> _ASSIGNMENT_
For the entries that appear below, write out the exact text and omit the pictures.

Entries taken from a collection:
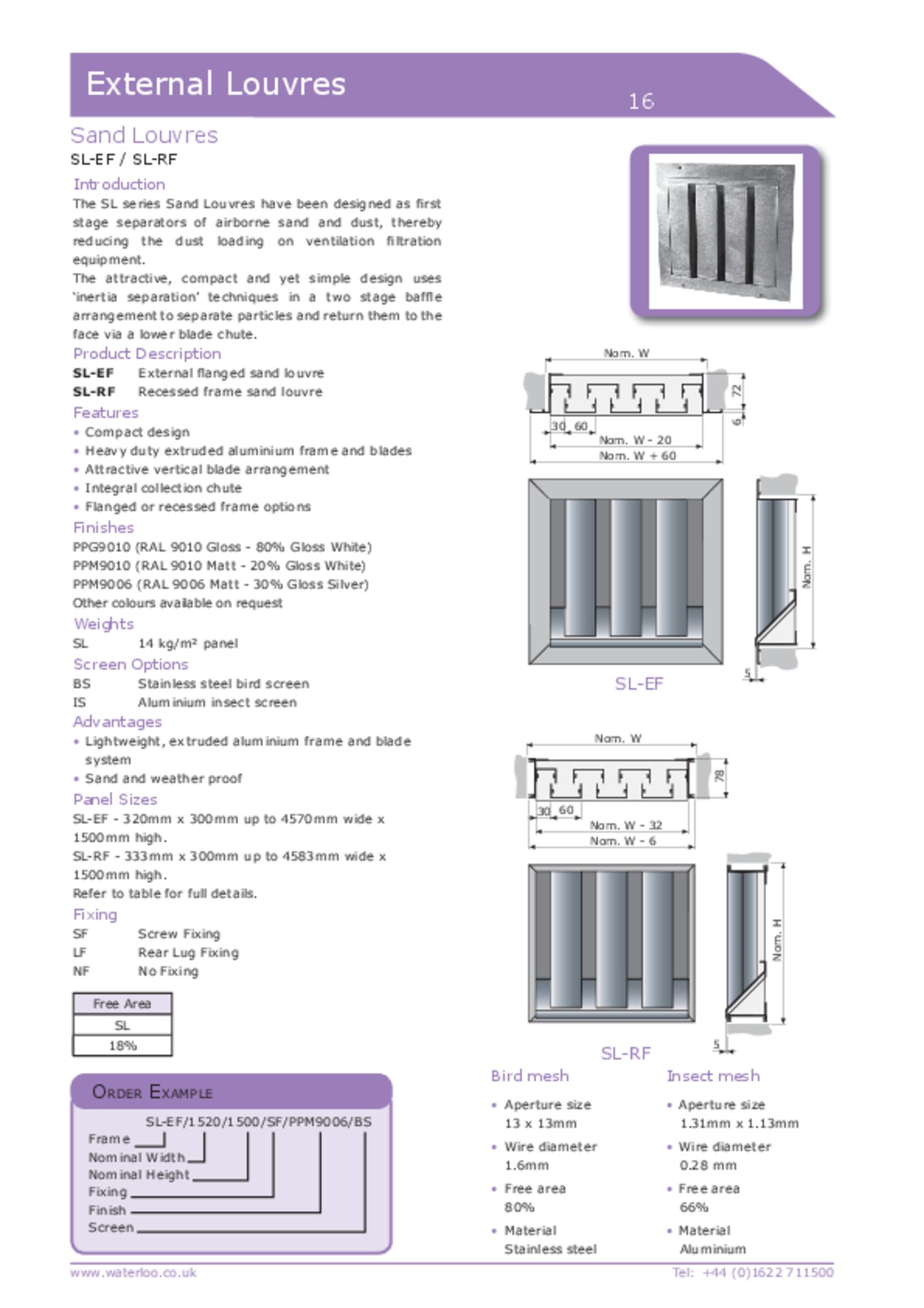 The SL series Sand Louvres have been designed as first stage separators of airborne sand and dust, thereby reducing the dust loading on ventilation filtration equipment.
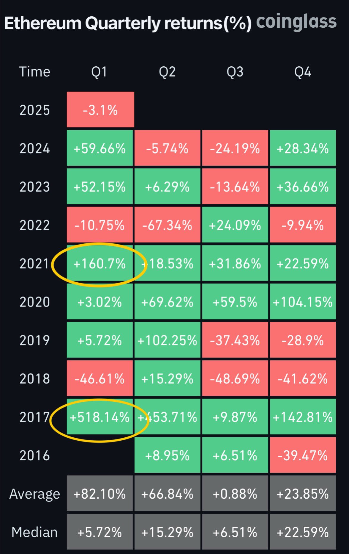 对以太坊乐观是有依据的,现在以太坊在交易所的余额持续暴跌,目前处于 10.35% 的历史最低水平。通常,减半之后的第一个季度,以太坊的表现非常的好,在2017年增长了518%,在2021年涨了160%。今年,截至目前居然还是负的3.1%。昨日,美国现货以太坊 ETF 净流入 1.666 亿美元,为本月最高。感觉以太坊随时都可以启动。
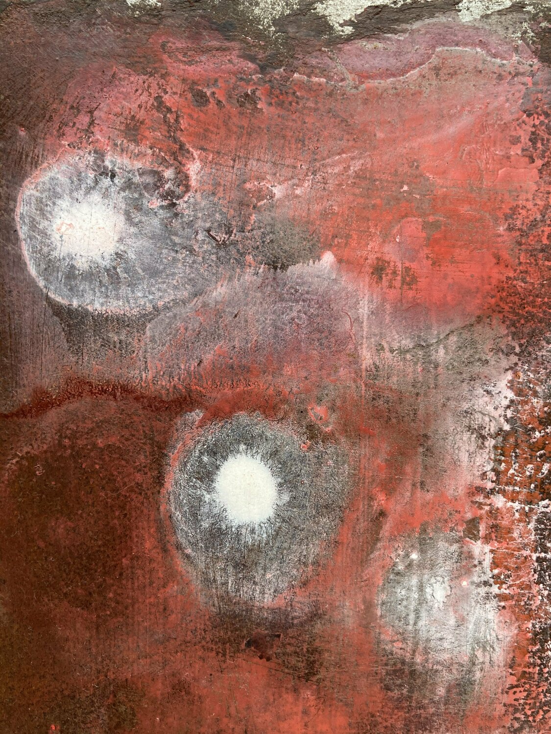 Tusche, Farbspray auf Metall
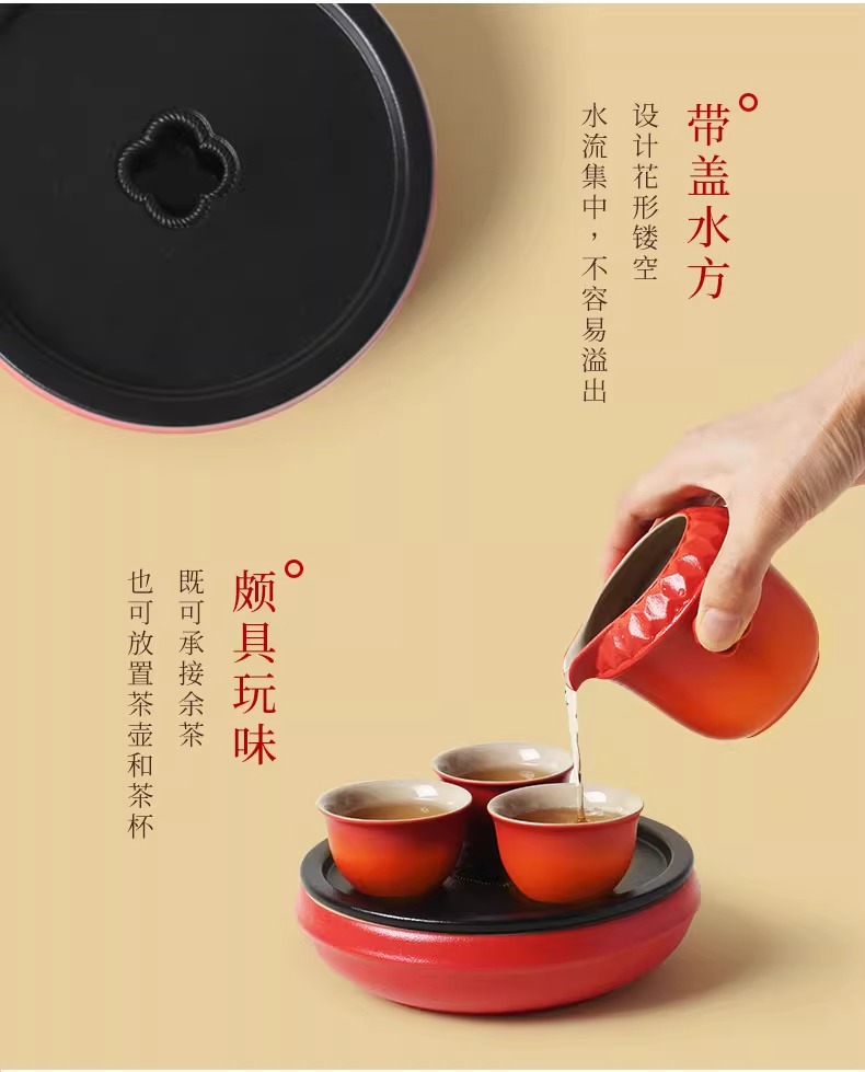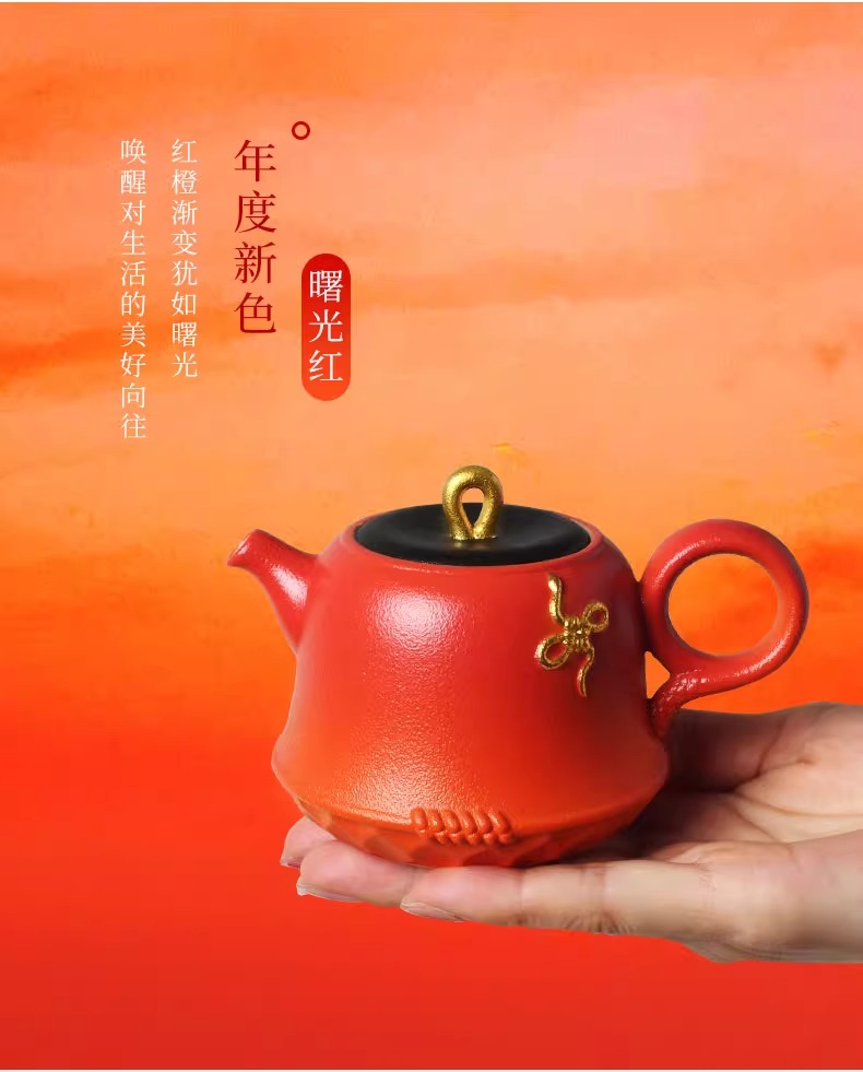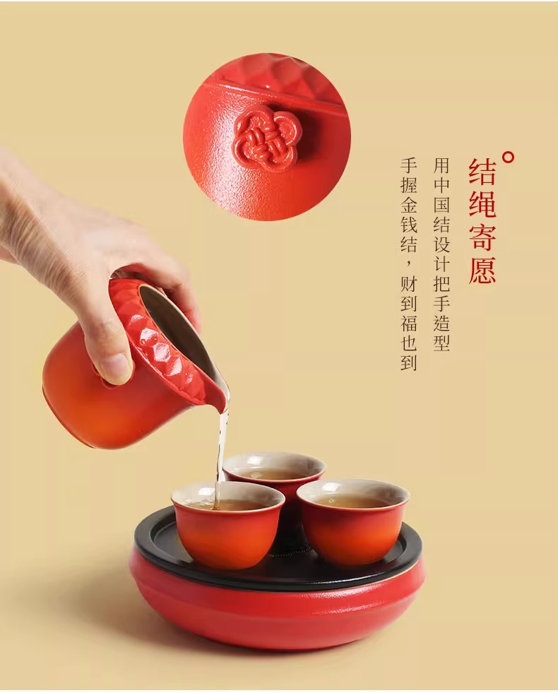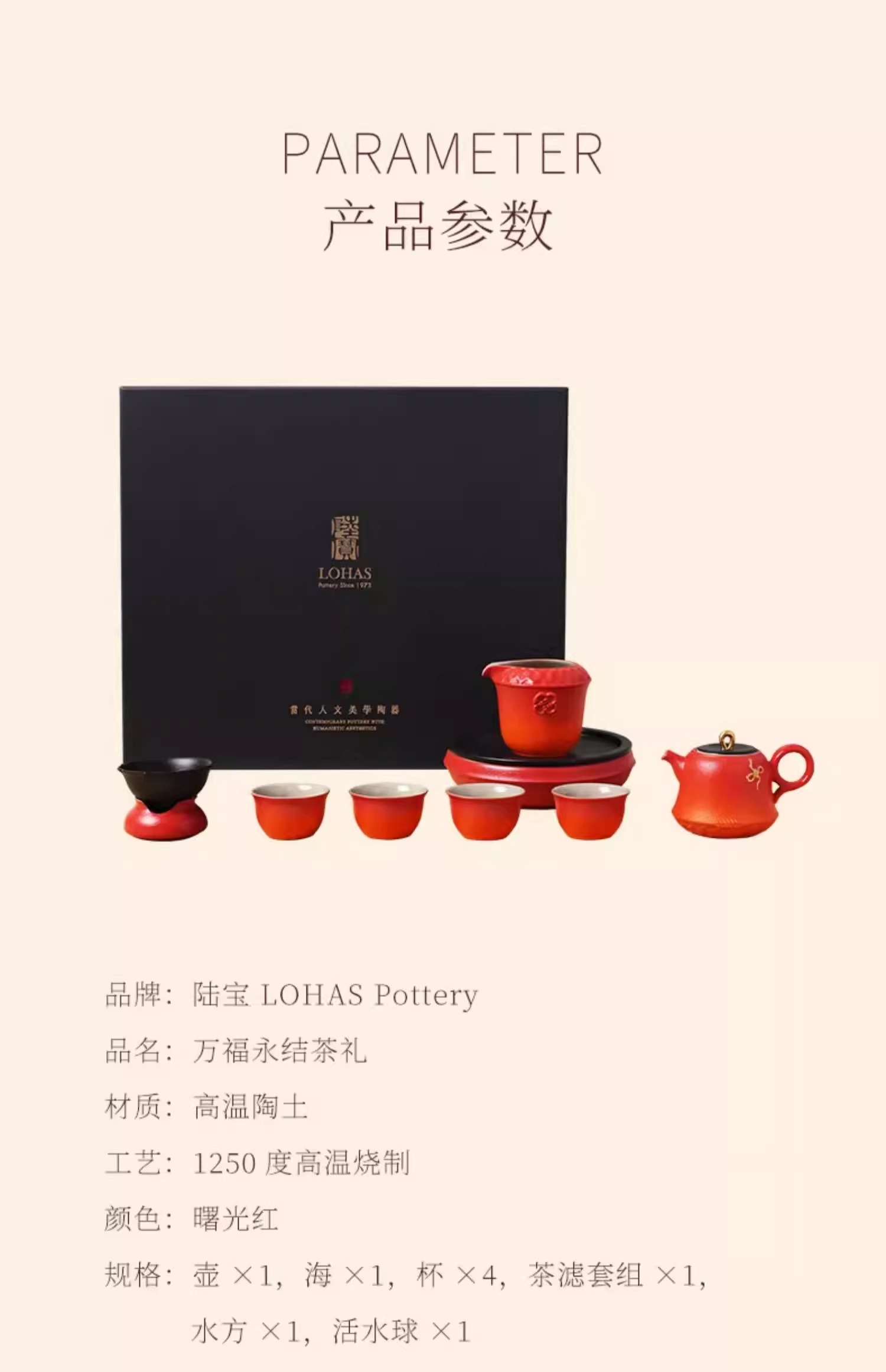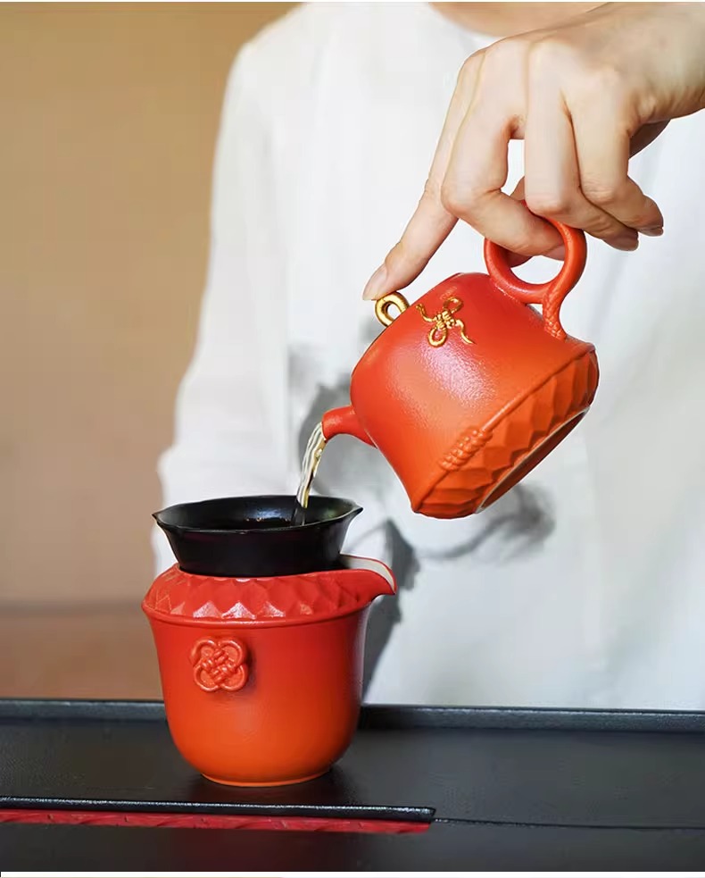 陆宝陶瓷功夫茶具套装2025新年送礼茶具礼盒装万福永结茶礼曙光红
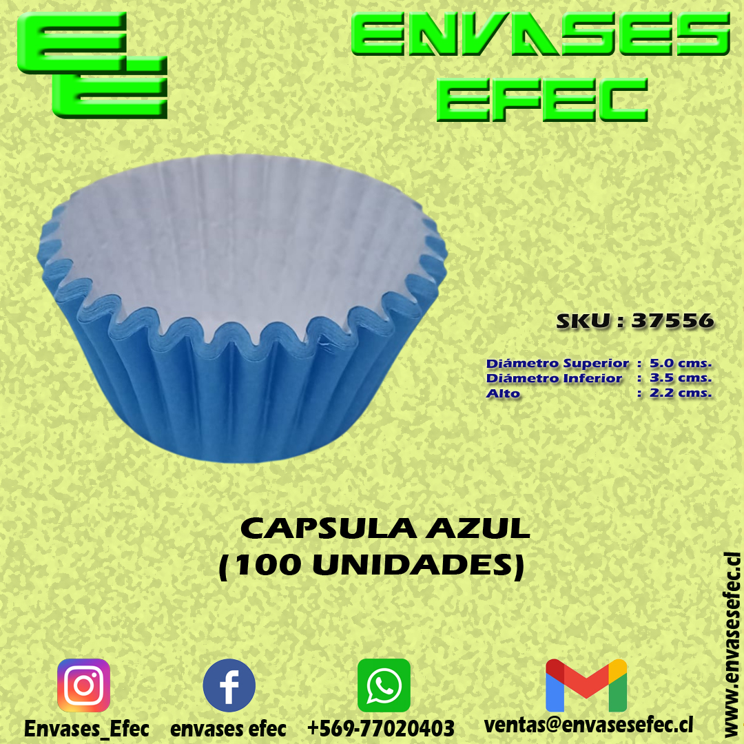 CAPSULA AZUL DIAM. BASE, 3.5 SUP. 5.0, ALTO 2.2, CMS. (100 UNIDADES)

> _SOLUTION TO THIS EXERCISE_
 The SL series Sand Louvres have been designed as first stage separators of airborne sand and dust, thereby reducing the dust loading on ventilation filtration equipment.
 对以太坊乐观是有依据的,现在以太坊在交易所的余额持续暴跌,目前处于 10.35% 的历史最低水平。通常,减半之后的第一个季度,以太坊的表现非常的好,在2017年增长了518%,在2021年涨了160%。今年,截至目前居然还是负的3.1%。昨日,美国现货以太坊 ETF 净流入 1.666 亿美元,为本月最高。感觉以太坊随时都可以启动。
 Tusche, Farbspray auf Metall
 陆宝陶瓷功夫茶具套装2025新年送礼茶具礼盒装万福永结茶礼曙光红
 CAPSULA AZUL DIAM. BASE, 3.5 SUP. 5.0, ALTO 2.2, CMS. (100 UNIDADES)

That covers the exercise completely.